That's a great project.  In all the years that I have been cutting wood, I never bothered with felling wedges but there were times when I wish that I had them. There are a lot of things that can be molded with a simple open mold.  Aside from PP, HDPE, and possibly PS are material candidates.  I have been saving PS scrap from discarded equipment for years now, awaiting some project.  Certainly a better use that going to landfill.

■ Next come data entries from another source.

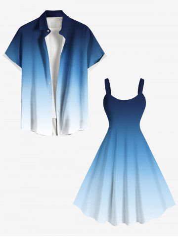 Ombre Colorblock Print Plus Size Matching Beach Outfit For Couples
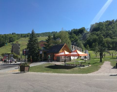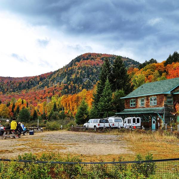 沿着湖边小路可以走到湖边。但是有些区域表明是私人领地,不要进去,我们就在一个湖边的荒草地看了看湖对岸的彩色山林,雨后云雾升腾,别有味道。从湖边的度假村再前行10公里就到达蒙特朗布朗公园,直接在路中间的检查站买门票,一个人8加币。
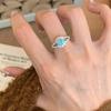 Anillo de Aguamarina con Diamantes Incrustados de Viento Frío de Alta Calidad Diseño Nicho de Moda Temperamento Versátil Anillo Abierto Ajustable
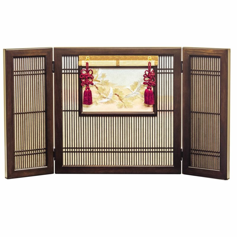 ■屏風には大きな格子窓を配し、大空に舞い上がる鶴の刺繍を施しました。
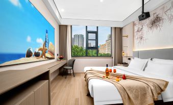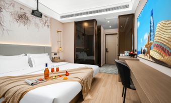 房間很乾凈,還帶智能,入住很滿意,投影真的太爽了!對面就是商場吃喝玩很方便,入住酒店地下停車場還免費真的物超所值!推薦
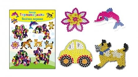 Набор термомозаики "Рыжий кот"- это увлекательная развивающая игра для детей старше 5 лет. Термомозаика - это великолепные мозаичные картинки из бусин, которые сплавляются друг с другом с помощью бумаги для проглаживания и утюга. С помощью данного набора Ваш малыш сможет создать четыре оригинальные картинки в виде цветочка, дельфина, собачки и машинки. Для творческого процесса в комплект входит все необходимое: разноцветная мозаика, 4 эскиза, лекало и инструмент для крепления мозаики. Нанизывая определенным образом цветные бусинки на штырьки круглой основы, создаем нужный рисунок. Затем нужно прогладить через кальку включенным на максимум утюгом в течение минуты. Бусинки при этом слегка расплавятся и соединятся в цельную фигурку. Когда бусинки немного остынут, фигурку можно снять и положить ненадолго под груз, чтобы она не согнулась при остывании. Также с фигурками можно играть, украшать ими комнату или новогоднюю елку. Все детали выполнены из высококачественных материалов, безопасных для ребенка.
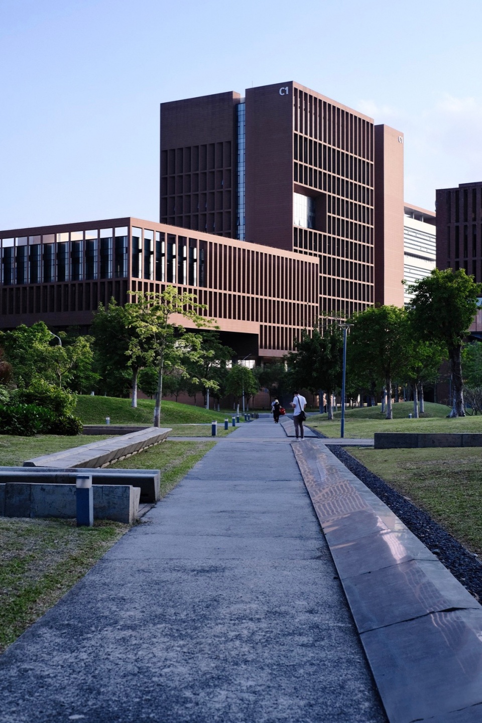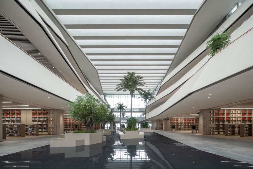 规划精准契合岭南地区地域性气候特征,构建了系统化的绿色校园体系:类“梳式布局”的地域化冷巷式通风体系,组织了更有效的自然通风;通过带状水系与其向南北延伸的雨洪海绵走廊,汇集各类地表径流并导向城市管道;校园街区内部的折线景观带、空中连廊、步行支路等组成连贯的立体步行系统,辅以电能公交、自行车等,实现校园的绿色交通体系;校园各建筑单体达到了绿色建筑二星评价标准,图书馆则是达到了绿色建筑三星评价标准。
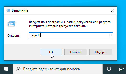 1. С помощью клавиатурной комбинации "Windows-R" откройте строку для ввода команд "Выполнить" и введите в нее команду regedit.

In a former business that I was part of, we made molded polypropylene components for a product we sold.  We only used virgin material so any scrap was just disposed of.  Another company that I worked for made slabs of epoxy composite material for calibrating therapeutic x-ray machines and had some rather stringent requirements on thickness, flatness, and uniformity, etc.  This resulted in a fairly high percentage of scrap that was just binned.  It would be a nice candidate for this project except for the fact that it contains powdered limestone which plays havoc with HSS cutting tools.  Had I a set of carbide drills, that would have been my choice of materials.  But then, I would have to make another index for them.  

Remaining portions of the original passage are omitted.